▶ Information provided:
▽

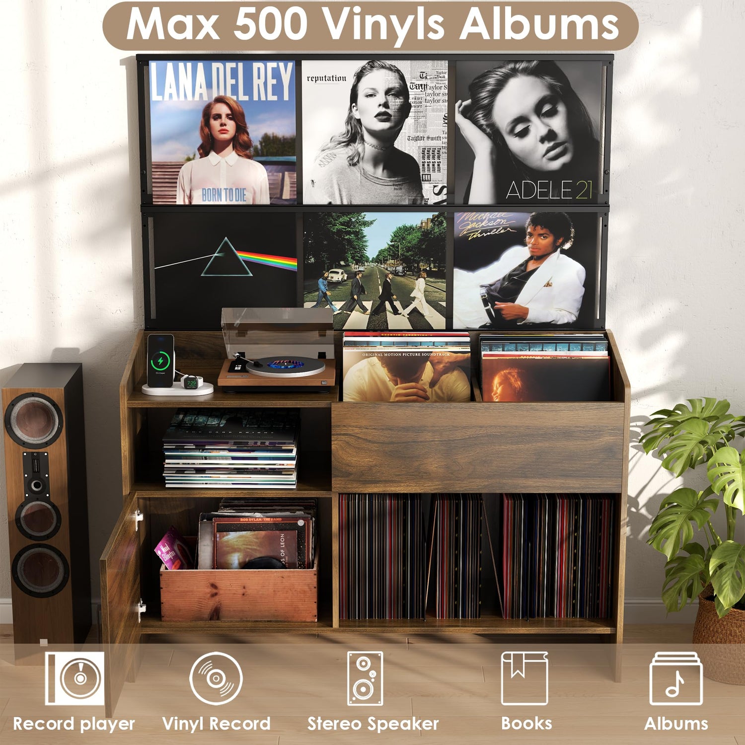 - [Massive Capacity & Versatile Storage] This premium storage cabinet holds up to 500 vinyl records! Organize your collections effortlessly within its spacious compartments. The top surface provides the perfect platform for your turntable, while the middle compartment neatly houses your CD player. Plus, enjoy abundant storage: Utilize the top cubby holes, lower partitioned sections, and the storage cabinet to store vinyls, albums, CDs, audio accessories, or other items.
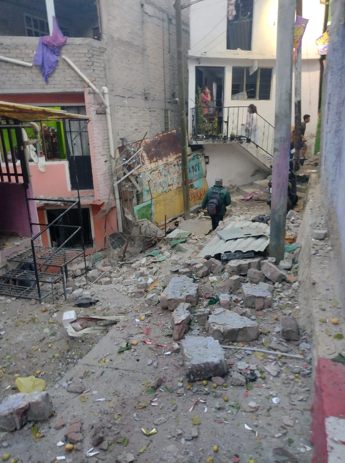 La Secretaría de Gestión Integral de Riesgos y Protección Civil indicó que, tras el estallido por acumulación de gas en la calle Huitzilopochitli Mz. 33 e Ilhuicamina en la colonia La Pastora, una losa se colapsó y provocó afectaciones en vidrios de 15 inmuebles aledaños.
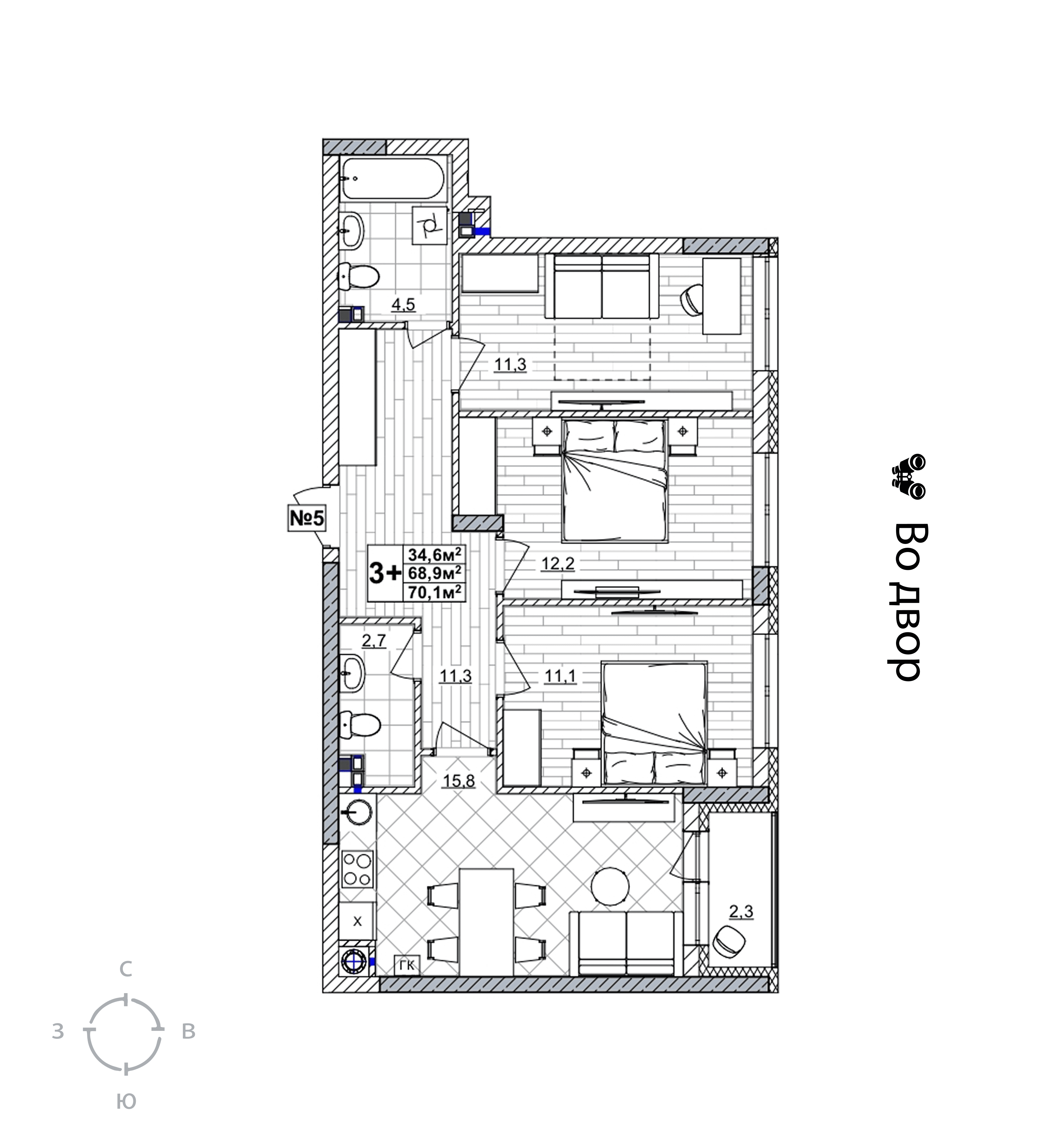 Квартира в Смородина 70.1м2 на 1 этаже за 10 590 000 Р.

△

▶ Exercise:
Hand back the data above exactly, with no images.

▶ Task answer:
 - [Massive Capacity & Versatile Storage] This premium storage cabinet holds up to 500 vinyl records! Organize your collections effortlessly within its spacious compartments. The top surface provides the perfect platform for your turntable, while the middle compartment neatly houses your CD player. Plus, enjoy abundant storage: Utilize the top cubby holes, lower partitioned sections, and the storage cabinet to store vinyls, albums, CDs, audio accessories, or other items.
 La Secretaría de Gestión Integral de Riesgos y Protección Civil indicó que, tras el estallido por acumulación de gas en la calle Huitzilopochitli Mz. 33 e Ilhuicamina en la colonia La Pastora, una losa se colapsó y provocó afectaciones en vidrios de 15 inmuebles aledaños.
 Квартира в Смородина 70.1м2 на 1 этаже за 10 590 000 Р.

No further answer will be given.